Dimma was down with a big fever. Mama who never believed in the word modernization was sitting beside her, a sponge in hand dabbing at her face. There was also a basket of herbs—they were all Dimma took these days.
“Mama, let’s take Dimma to see an
oyibo doctor, ” I told her for what seemed like the hundredth time.
“No. It’s just a minor fever,” she had intoned.
Dimma’s deteriorating health had me panicking … my sister never almost fell ill.
What seemed like a minor fever graduated to boils in the armpits and groin within weeks. It was not until I started feeling heavy signs of headache and a high-temperature did I start getting more worried.
What if Dimma’s disease was infectious?
Without asking for mama’s consent I rushed to go and bring a doctor. I relayed everything to him with heavy breaths, and stuttered syllables.

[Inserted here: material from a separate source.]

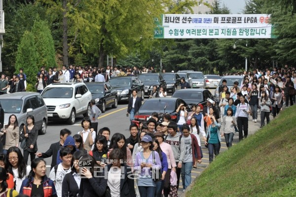 [프라임경제]26일 오후 서울 광진구 화양동 건국대학교에서 치러진 2010학년도 수시1차모집 인문계 논술고사를 치른 수험생들이 학부모와 함께 귀가하고 있다. 이날 건국대 주변은 수험생 8000여명과 학부모들이 타고 온 차량들로 큰 혼잡을 빚었다. 건국대 자연계 논술고사는 27일 오전 실시된다.

“You think you might be infected?” he asked. I nodded and he had me examined.
Before we got back to our house Dimma was dead. There was a huge crowd of wailing villagers.
“I have cause to believe that Dimma was down with the bubonic plague, known as Black Death which—”
The doctor’s voice which was explaining the situation to mama who hadn’t stopped crying above the noise of the crowd filled my head as I stared at my sister’s corpse—
The bubonic plague didn’t kill my sister. Negligence did.